Surviving the Distance Part 2

Continuing from the last post….

I think I'll break this down into 3 parts and this will probably be my only post this week due to being crushed with papers for school. So for now, here's a short one.

First to update on a few things:
Wedding: Just a few more things to wrap blue ribbon around and I'm done for now, Arild has made our CD  for the walking down the aisle song as well as another CD for background noise at the reception. Arild's wedding band came in and so far so good we just hope it fits him!

Moving: Stella has one ticket bought now, but I have to contact the PetSafe agency again and purchase her other ticket from New York to Oslo. There's been so much calling this place and that place and trying to get everything set up so we have no mistakes later I really can't keep up with everything.
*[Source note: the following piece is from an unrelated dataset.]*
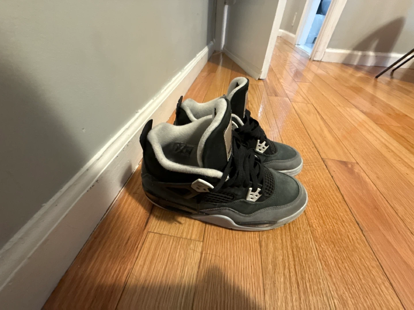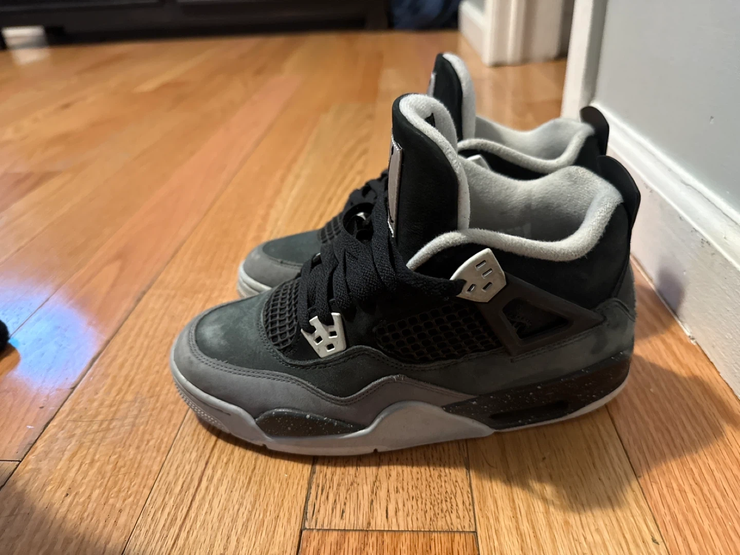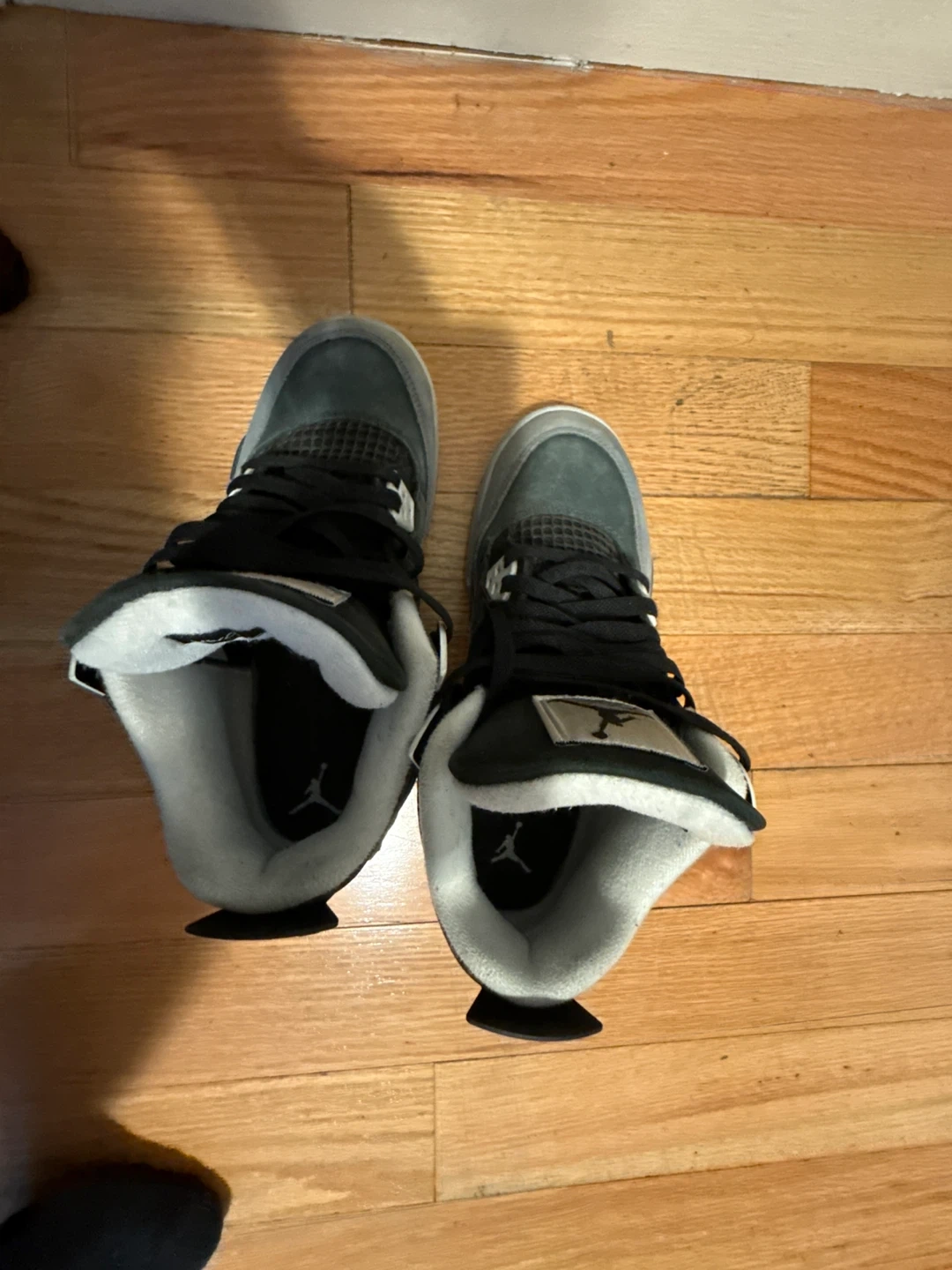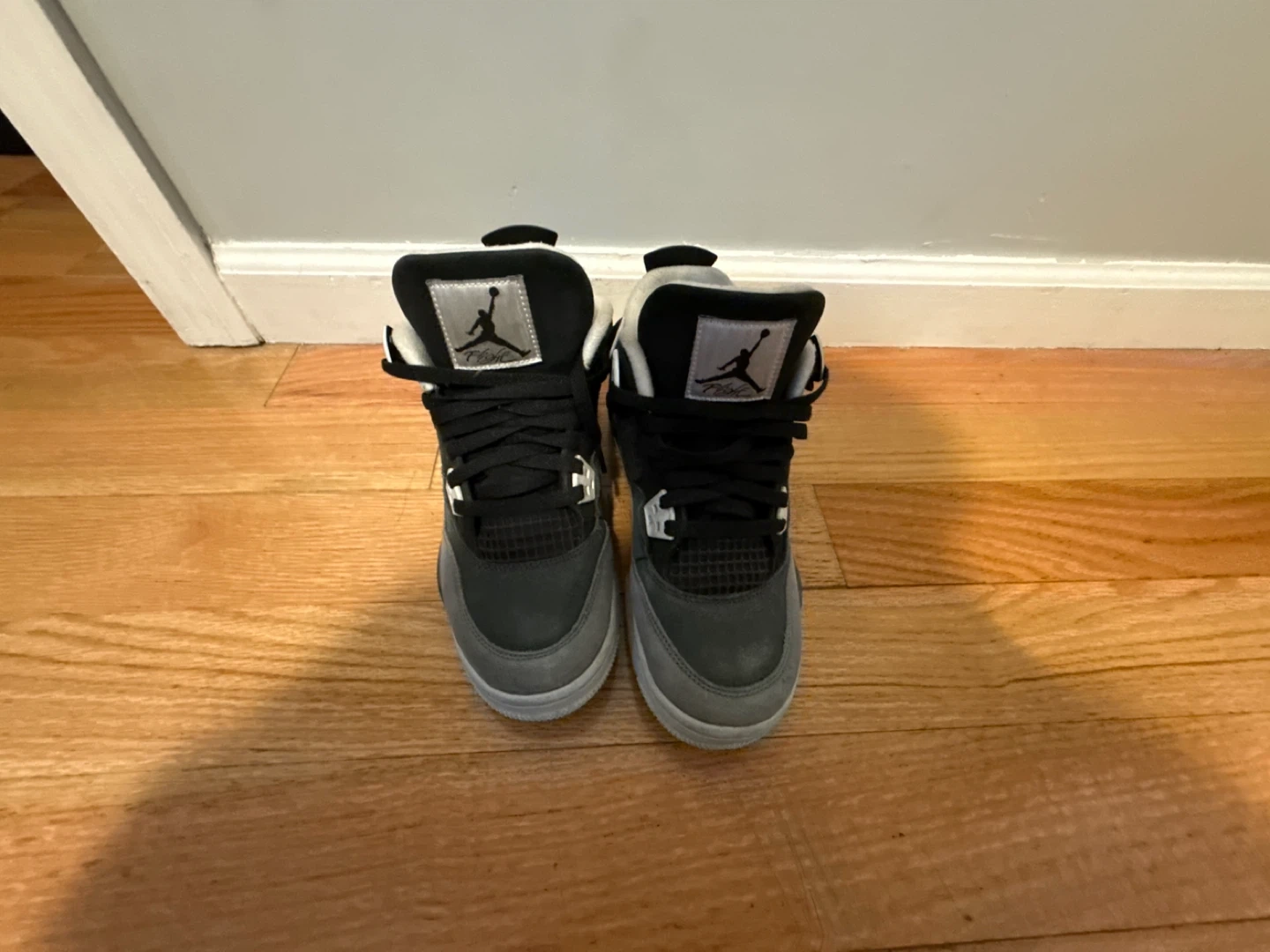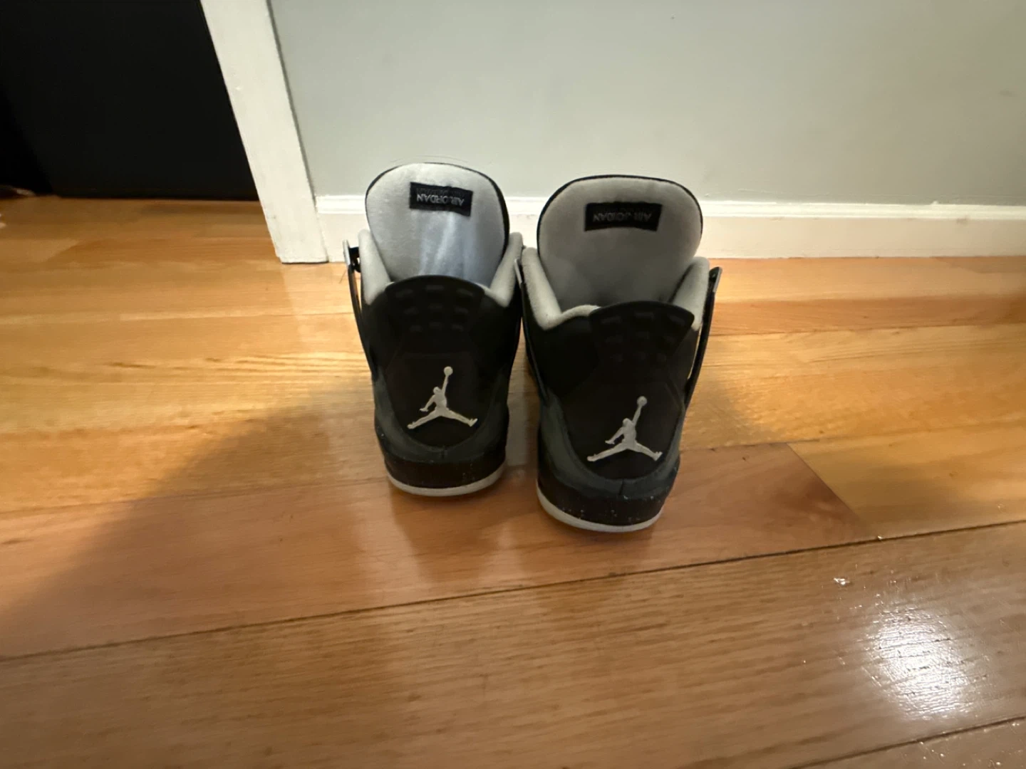 Selling a pair of Air Jordan 4 Retro sneakers in black and light steel grey. They're in good condition and ready for a new home!

I do go on May 31st to sign up for my language classes!!! :-) Apparently this requires testing for placement. Sounds like fun!

I'm also down to my last few days at work. The anticipation is KILLING me!!!!!!!!!!!!!!

Oh and it's also our -1 month wedding anniversary and T minus 24 days before he arrives!

Continuing our story: 

When I had this bout of withdrawing from Arild I realized it was just silly to give up on him. I knew if I continued to live my life here without ever doing so much as meeting him I’d always have this thought of, “What if?”. During the time spent in my bubble and him being confused and a bit lost, he later told me he looked and researched my personality type and found that a bit comforting as he knew I’d be okay. We also referred to our personality type descriptions as “instruction manuals.” He’s easy and predictable; mine should be posted on the refrigerator.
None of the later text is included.